To thoroughly assess fibril morphology, 127–283 unique measurements of fibril diameters were made for the single and mixed system (Supplementary Fig. S4); the mixed system was found to contain filaments characteristic of 1 although with some perturbation in size. The presence of fibrils characteristic of 1 is corroborated by visual inspection of the micrographs (Fig. 4a–c insets). The observation of filaments of 1 in the mixed solution (Fig. 4c) is strongly suggestive of self-sorting, though alone is not sufficient to unambiguously show self-sorting at this macroscopic level.

Small-Angle Neutron Scattering indicates self-sorting

To further distinguish coassembly from self-sorting, small-angle neutron scattering (SANS) was performed to probe the self-sorting at the nanoscale. Given the finite Q range of the instrument used (1–100 nm), the fitting is most sensitive to the cross-sectional nature of the filament, hence SANS is in principle a good tool to evaluate gels with self-sorted fibres of different diameters. To fit the data, which exhibits a smooth transition in Q dependence over the length scale probed on the instrument, Fig. 5, we used the Kholodenko-Dirac worm-like chain model. The best fit to the data for 1 using this model (solid line) was for a core-shell structure with a core radius (Rcore) of 5.2 nm and an outer radius (Router) of 8.8 nm, implying a shell thickness of 3.6 nm. 2 alone exhibited very different scattering to 1,with the data fitting best to the simpler solid worm-like structure, with a radius of 2.6 nm. In both cases, the diameters measured by SANS are smaller than observed by TEM, which may indicate SANS detecting a protofilament structure not observable on the length scales probed by TEM.

Figure 5: Small angle neutron scattering (SANS) data.
Figure 5

SANS data for () 1 alone, () 2 alone and (Δ) 1 and 2.
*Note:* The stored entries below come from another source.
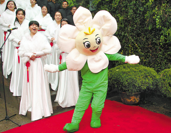 | 12月9日,第六届世界合唱比赛组委会在绍兴发布吉祥物 “合合”。这次比赛明年7月在绍兴举行,来自80多个国家和地区的400多个合唱团、2万多名选手参赛。该吉祥物以绍兴市花——兰花为原型,寓“合唱、合力、合作”之意。 本报记者 金敖生 摄 |
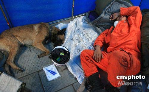 搜救員和搜救犬極度疲勞。中新社發 周青先 攝
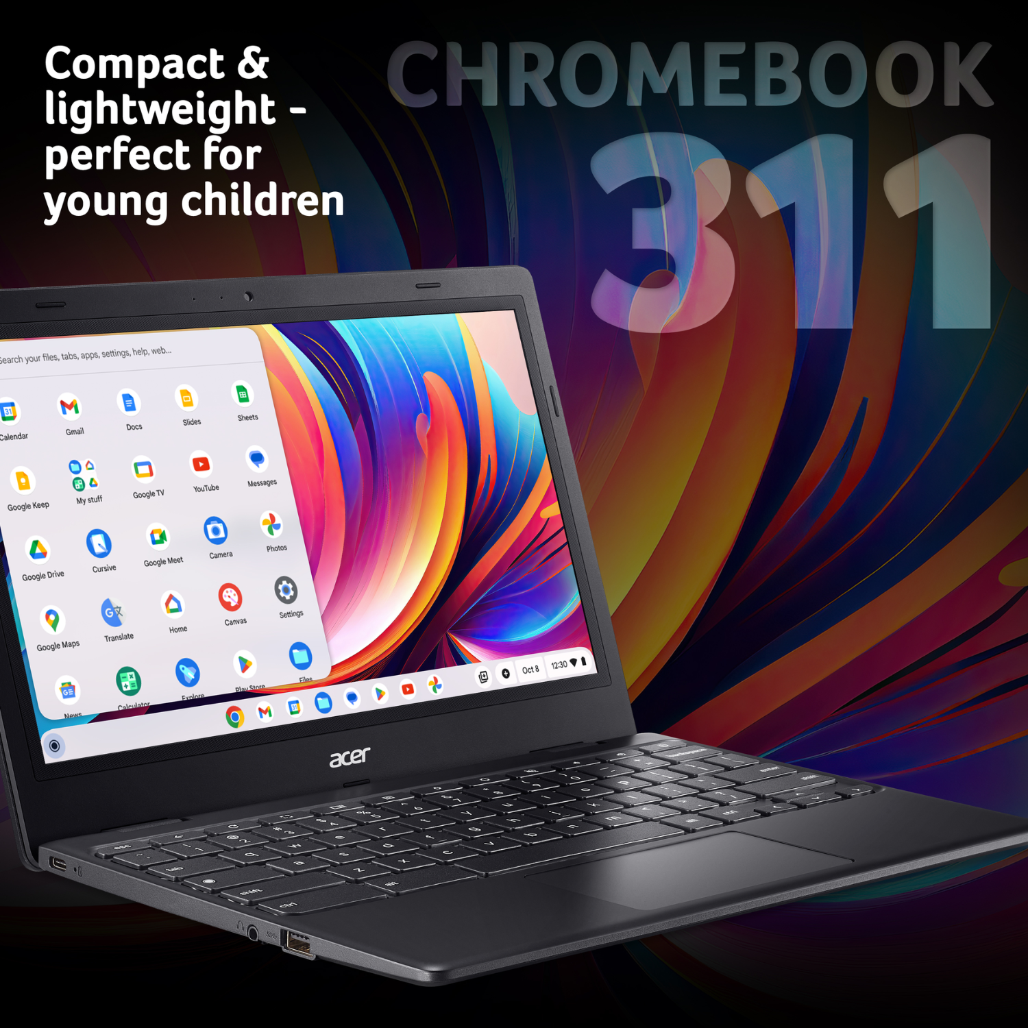 With its 29.5 cm (11.6") HD display, the Chromebook boasts sharp visuals and vibrant colors, making it perfect for everything from watching online content to reviewing documents. Its compact size and lightweight design ensure that you can easily carry it in your bag without feeling weighed down, making it ideal for students, professionals, and travelers alike.
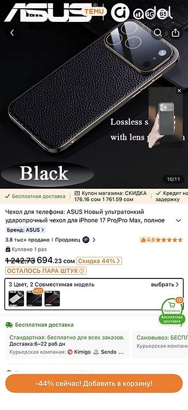 Продаю новый стильный чехол на IPhone 17 pro ASUS/adol (Black)
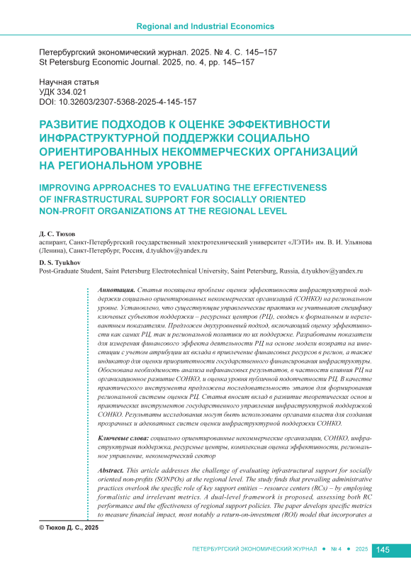 Статья посвящена проблеме оценки эффективности инфраструктурной поддержки социально ориентированных некоммерческих организаций (СОНКО) на региональном уровне. Установлено, что существующие управленческие практики не учитывают специфику ключевых субъектов поддержки – ресурсных центров (РЦ), сводясь к формальным и нерелевантным показателям. Предложен двухуровневый подход, включающий оценку эффективности как самих РЦ, так и региональной политики по их поддержке. Разработаны показатели для измерения финансового эффекта деятельности РЦ на основе модели возврата на инвестиции с учетом атрибуции их вклада в привлечение финансовых ресурсов в регион, а также индикатор для оценки приоритетности государственного финансирования инфраструктуры. Обоснована необходимость анализа нефинансовых результатов, в частности влияния РЦ на организационное развитие СОНКО, и оценка уровня публичной подотчетности РЦ. В качестве практического инструмента предложена последовательность этапов для формирования региональной системы оценки РЦ. Статья вносит вклад в развитие теоретических основ и практических инструментов государственного управления инфраструктурной поддержкой СОНКО. Результаты исследования могут быть использованы органами власти для создания прозрачных и адекватных систем оценки инфраструктурной поддержки СОНКО.
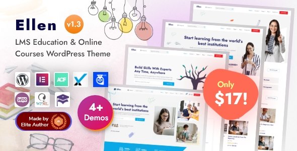 Ellen is a new modern WordPress theme purposely designed and built for Online Training and Education websites! It is perfectly suitable for educational institutes, online courses providers, online training, learning management, teacher, e-learning, instructor, kindergarten, tutor, lessons, online course, college, university, school, etc. The theme is created with Tutor LMS, Elementor, ACF Pro, Redux, Bootstrap, and CSS.

For mixed gels, the scattering was more complex, demonstrating characteristic peaks associated with both pure 1 and pure 2 (slow decay at low Q indicative of 2, and the precipitous feature of 1 around Qmax ≈ 0.08 Å−1). Both the mixed sample and pure 1 show a weak peak around Qmax ≈ 0.10 Å−1 (63 Å) indicating that both contain some degree of core-shell morphology. However, a comparison of the scattering from pure and mixed gels alone could not distinguish between coexisting homomolecular assemblies and coassembled average structures. To clarify this distinction, we prepared an analogue of 2 with a deuterated naphthalene ring (d-2), which will greatly reduce the contribution of 2 to the scattering. The fit to the SANS data from gels containing pure d-2 was in close agreement with that of 2, albeit with significantly weaker scattering as expected, indicating that the assembly of 2 is unaffected by deuteration (Supplementary Figs S5 and S6). We then examined mixed systems of 1 and d-2. Here if the system were truly mixed, we would expect an overall decrease in scattering when using d-2 as compared with 2. For a self-sorted system, we would expect that the scattering would more resemble that of 1 alone, as the scattering from d-2 is reduced relative to 2. This latter case is indeed what we see: comparing scattering from the mixture of 1 and 2 with that from either 1 or d-2 shows a relative increase in the contribution of the feature at 0.10 Å−1; that is, the scattering from a mixture of 1 and d-2 resembles most strongly the scattering from 1 (Supplementary Fig. S7). Hence, the SANS data is consistent with a self-sorted system being formed rather than an average structure.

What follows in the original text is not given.